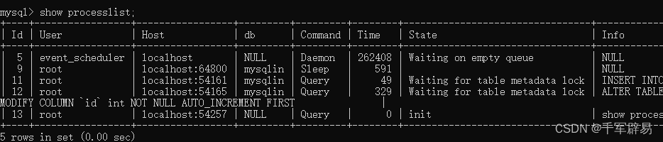 在进行mvcc操作的时候,当开启一个事务,实际上就会产生一个快照,然后在另一个session中进行修改表操作,此时就会产生此种问题。
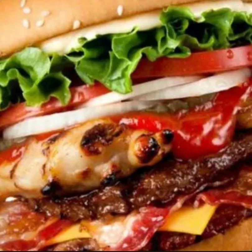 Pão delicioso, 2 carnes suculentas, 2queijos derretidos ,2presuntos, ovo bacon em cubos ,calabresa deliciosa e molho especial
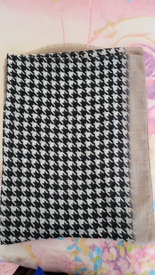 Gri kazayağı desenli, fırfırlı kenarları olan, yumuşak sentetik kumaştan bohem tarzda kadın atkısı.
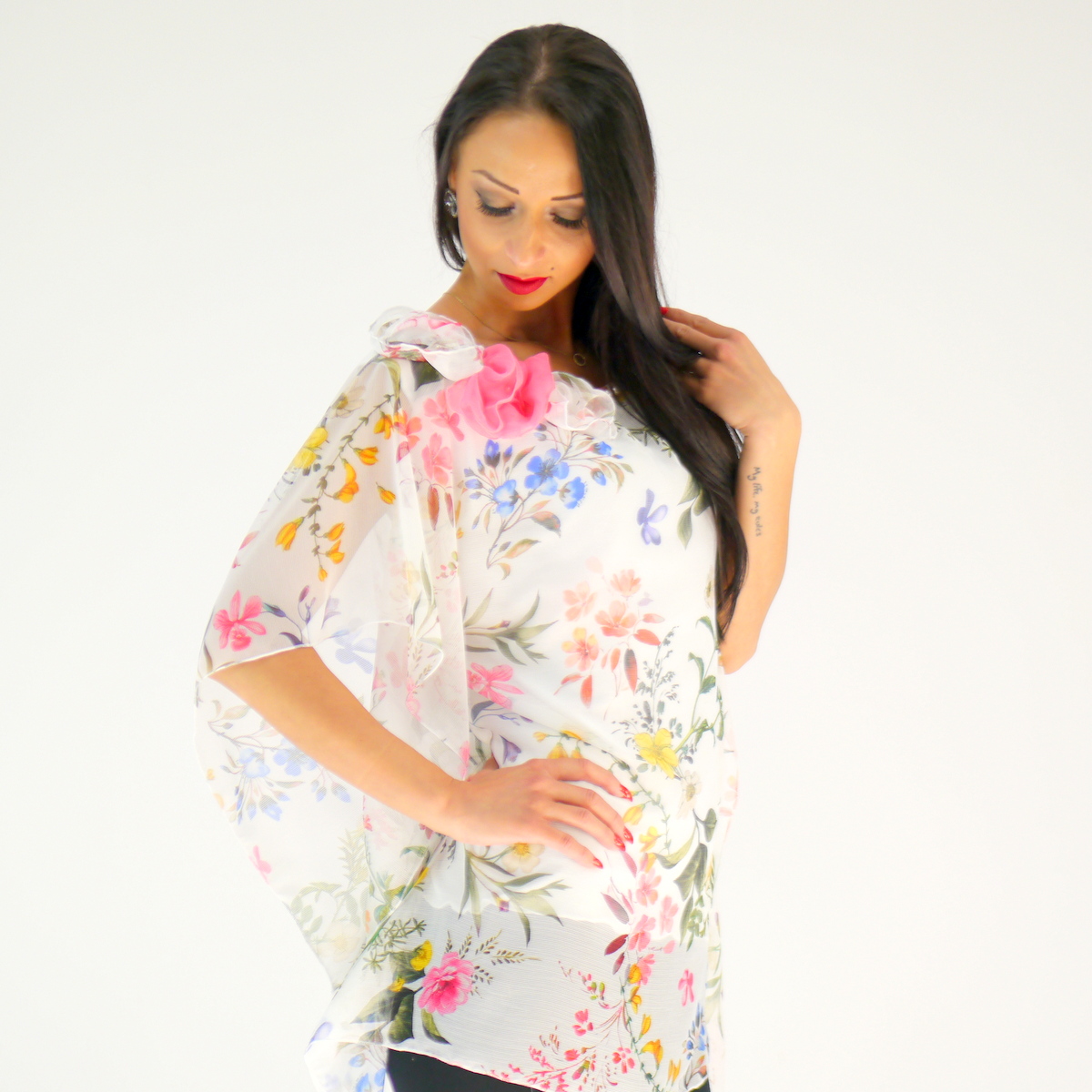 Produktinformationen "Geblümtes Oberteil aus Chiffon mit Top aus Baumwolle /Tunika/"

• What you are asked to do:
Starting at the top of the listing above, reproduce each line up to and including the one with "Pão delicioso, 2"; omit the pictures.

• Result for this exercise:
 在进行mvcc操作的时候,当开启一个事务,实际上就会产生一个快照,然后在另一个session中进行修改表操作,此时就会产生此种问题。
 Pão delicioso, 2 carnes suculentas, 2queijos derretidos ,2presuntos, ovo bacon em cubos ,calabresa deliciosa e molho especial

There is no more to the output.